Number Sequences – Comprehensive Explanations and Clear Examples

In $\textit{sequences}$, it is important that we can;

A $\textit{number sequence}$ is an ordered list of numbers defined by a rule.

The numbers in the sequence are said to be its $\textit{terms}$.

A sequence that continues forever is called an $\textit{infinite sequence}$.

A sequence that terminates is called a $\textit{finite sequence}$.
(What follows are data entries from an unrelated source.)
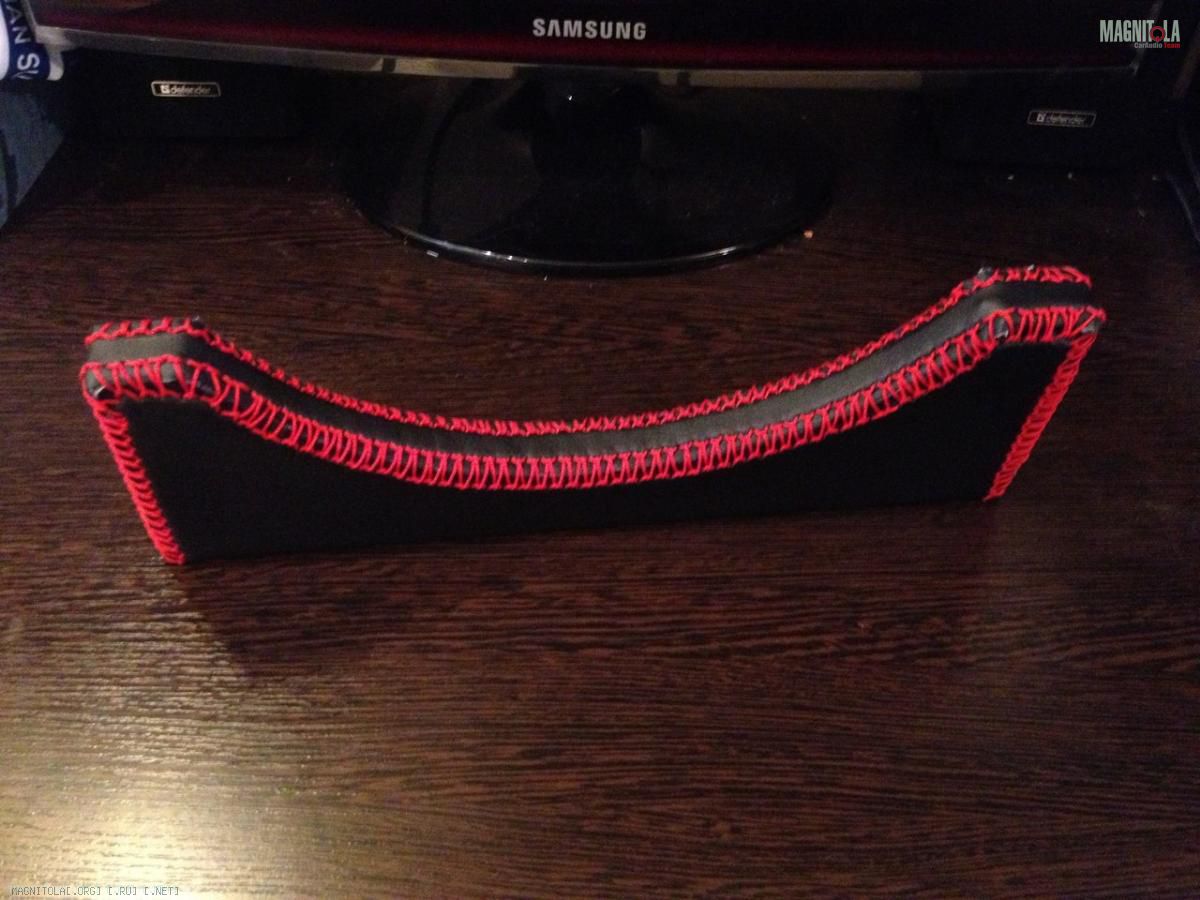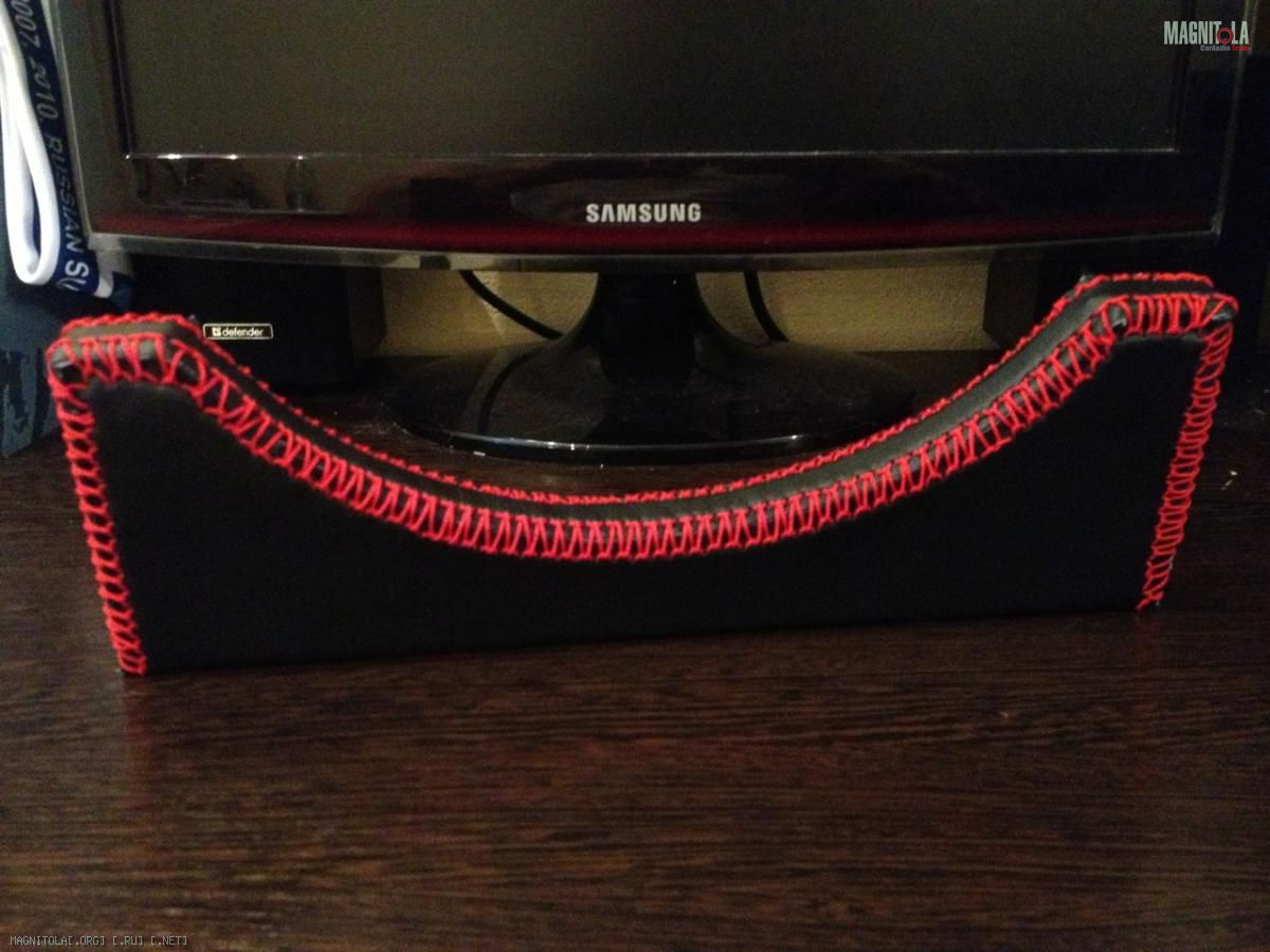 Решил сделать самодельные грили (защиту для динамиков). Сделал из фанеры крепления и обшил их. Использовал эко-кожу и нейлоновую нить. Как-то так ...
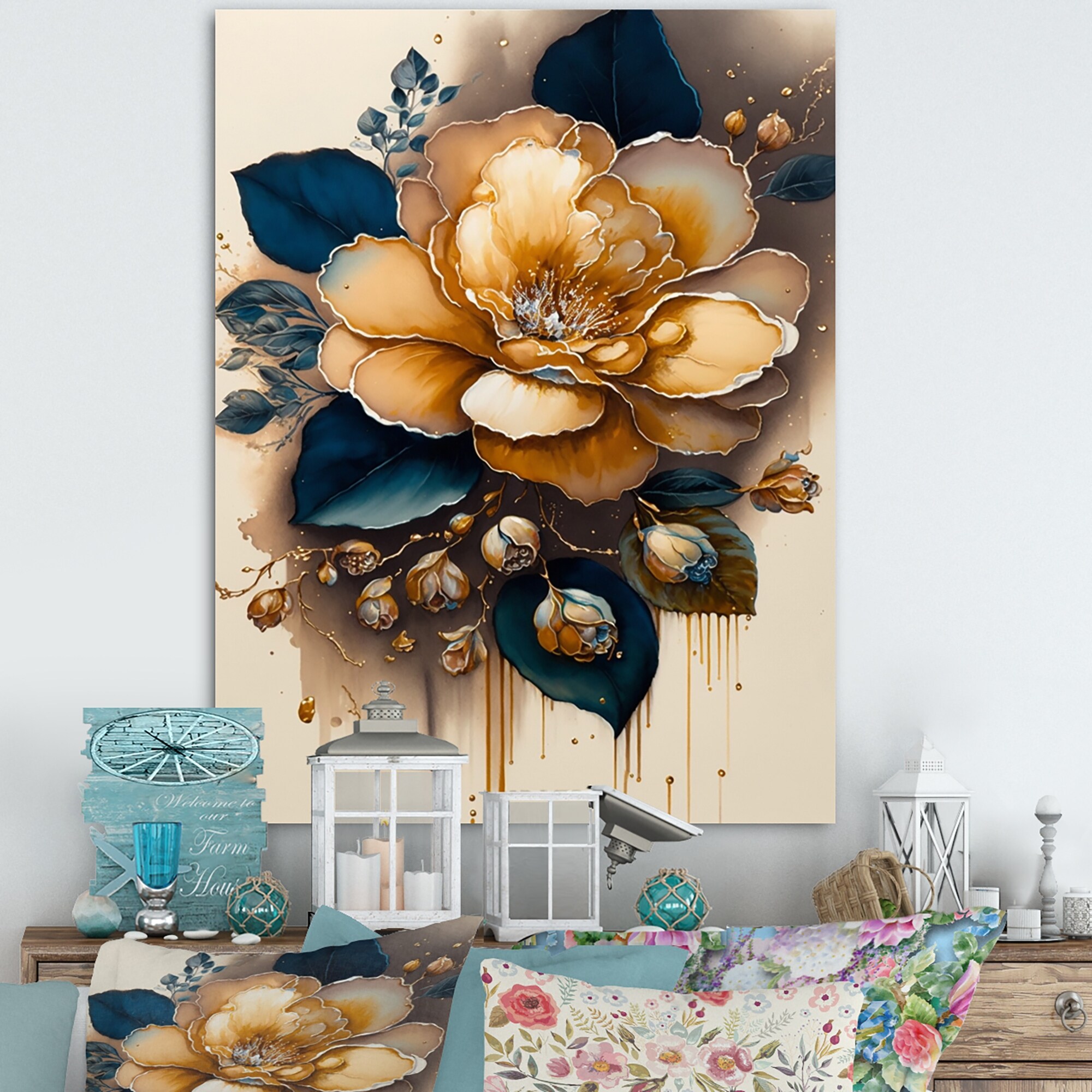 Designart 'Yellow And Dark Blue Camellia Flower I' Floral & Botanical Canvas Wall Art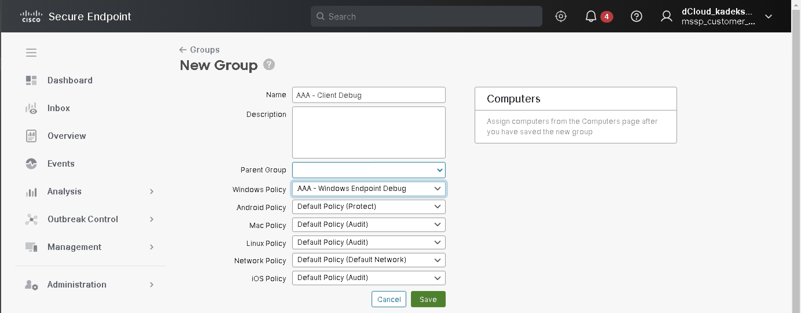 Create a new group for Client Endpoints using the Windows Policy that has juts been created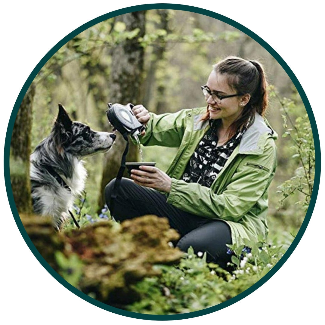 The Aqua Leashes built-in water storage saves you from carrying an additional water bottle on your walks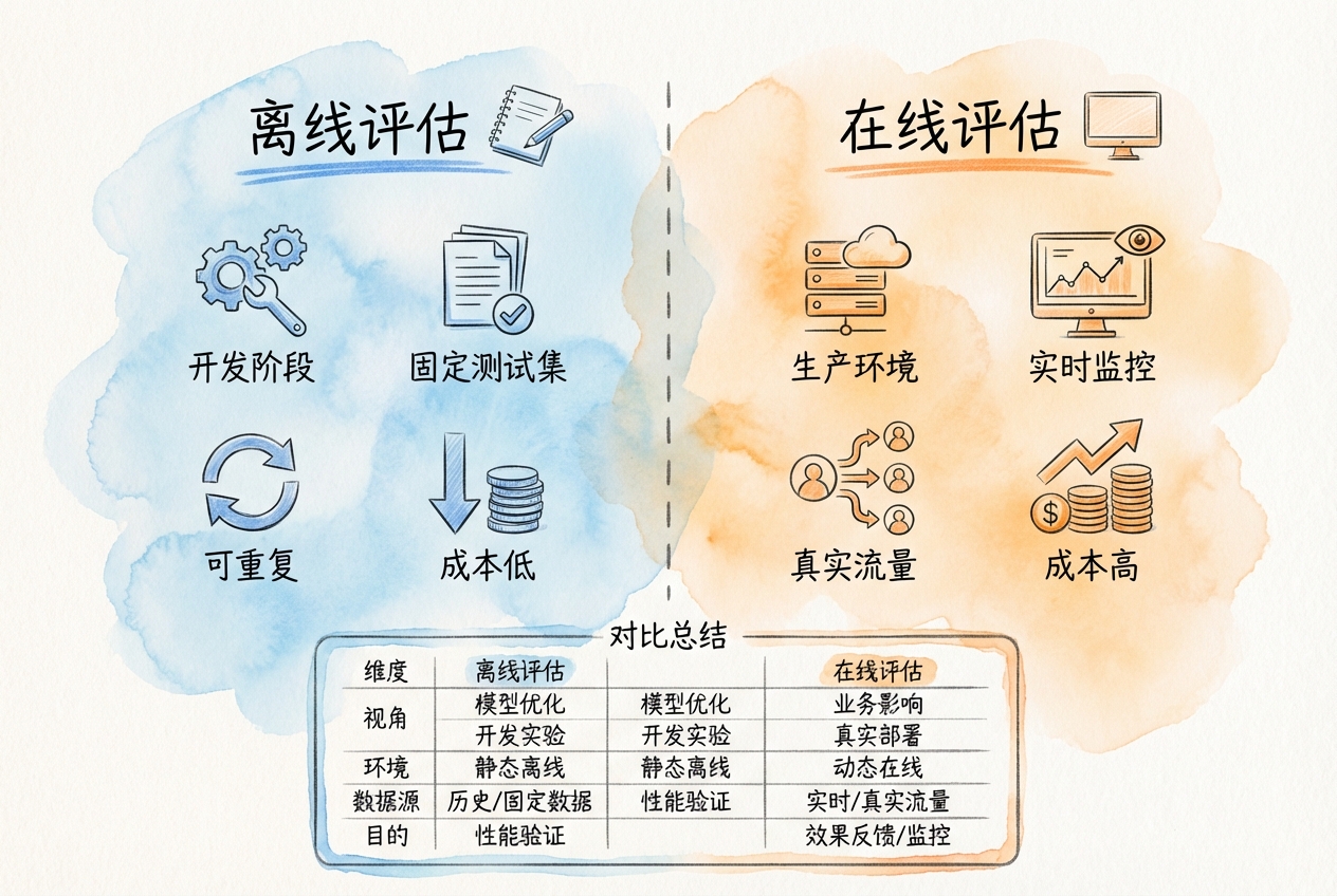 评估贯穿全流程:从原型到生产,持续评估驱动迭代。离线评估作为质量门禁,在线评估作为持续优化手段。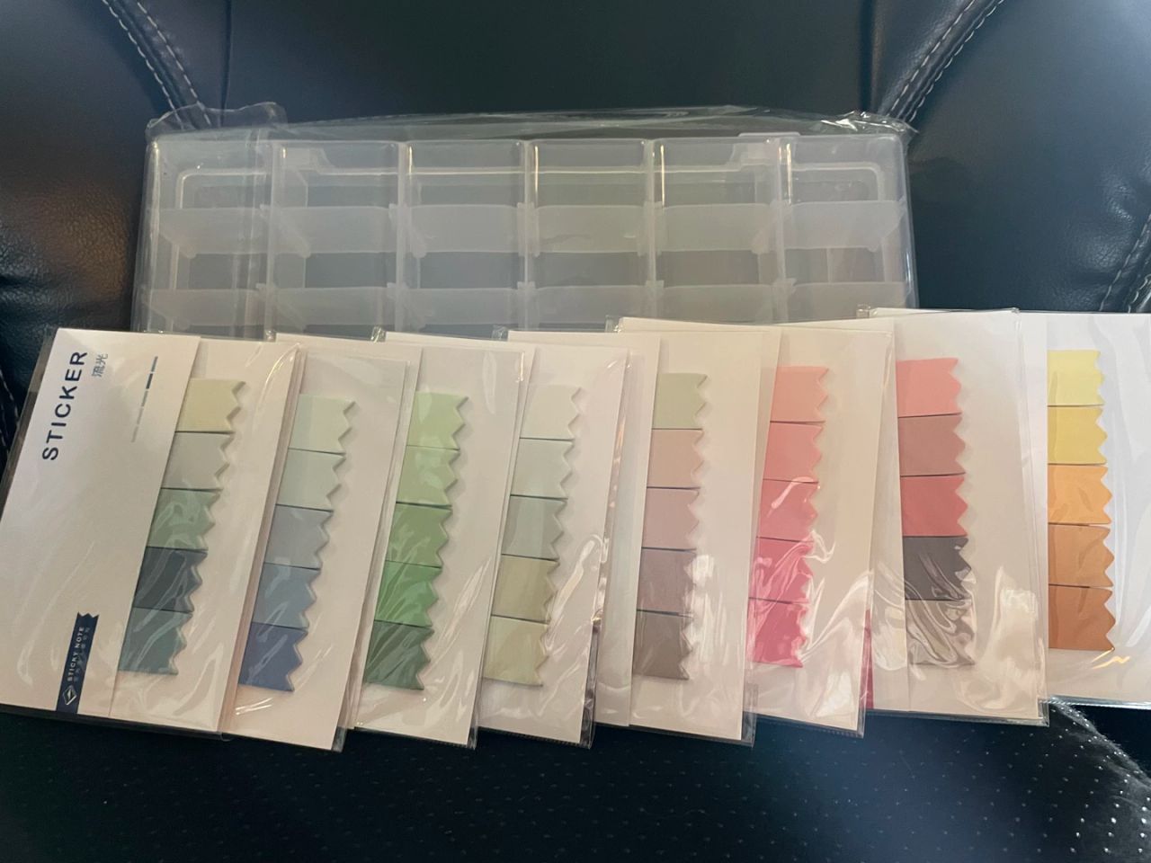 I also got a huge set of sticky markers that I can color coordinate with my projects, and a clear plastic divider for the kids and I to organize our rock collection! (Perfect timing; they're getting a Declan's Bucket of rocks for Easter!)

Write down the first four terms of the sequence if you start with $5$ and add $3$ each time.

$ 5, 8, 11, 14 $

Write down the first four terms of the sequence if you start with $99$ and subtract $4$ each time.

$ 99, 95, 91, 87 $

Write down the first four terms of the sequence if you start with $4$ and multiply $3$ each time.

$ 4, 12, 36, 108 $

Describe the sequence: $ 3, 7, 11, 14, \cdots $.

The sequence starts at $ 3 $, and each term is $ 4 $ more than the previous term.

Describe the sequence: $76, 73, 70, 67, \cdots$.

The sequence starts at $76$, and each term is $3$ less than the previous term.

Describe the sequence: $ 2, 6, 18, 54, \cdots $.

The sequence starts at $ 2 $; each term is $ 3 $$ times the previous term.

Describe the sequence: $1, 4, 9, 16, \cdots$.

$ 1^2=1,2^2=4,3^2=9,4^2=16 $
Each term is the square of the term number.

Find the next two terms of $ 1, 8, 27, 64 $.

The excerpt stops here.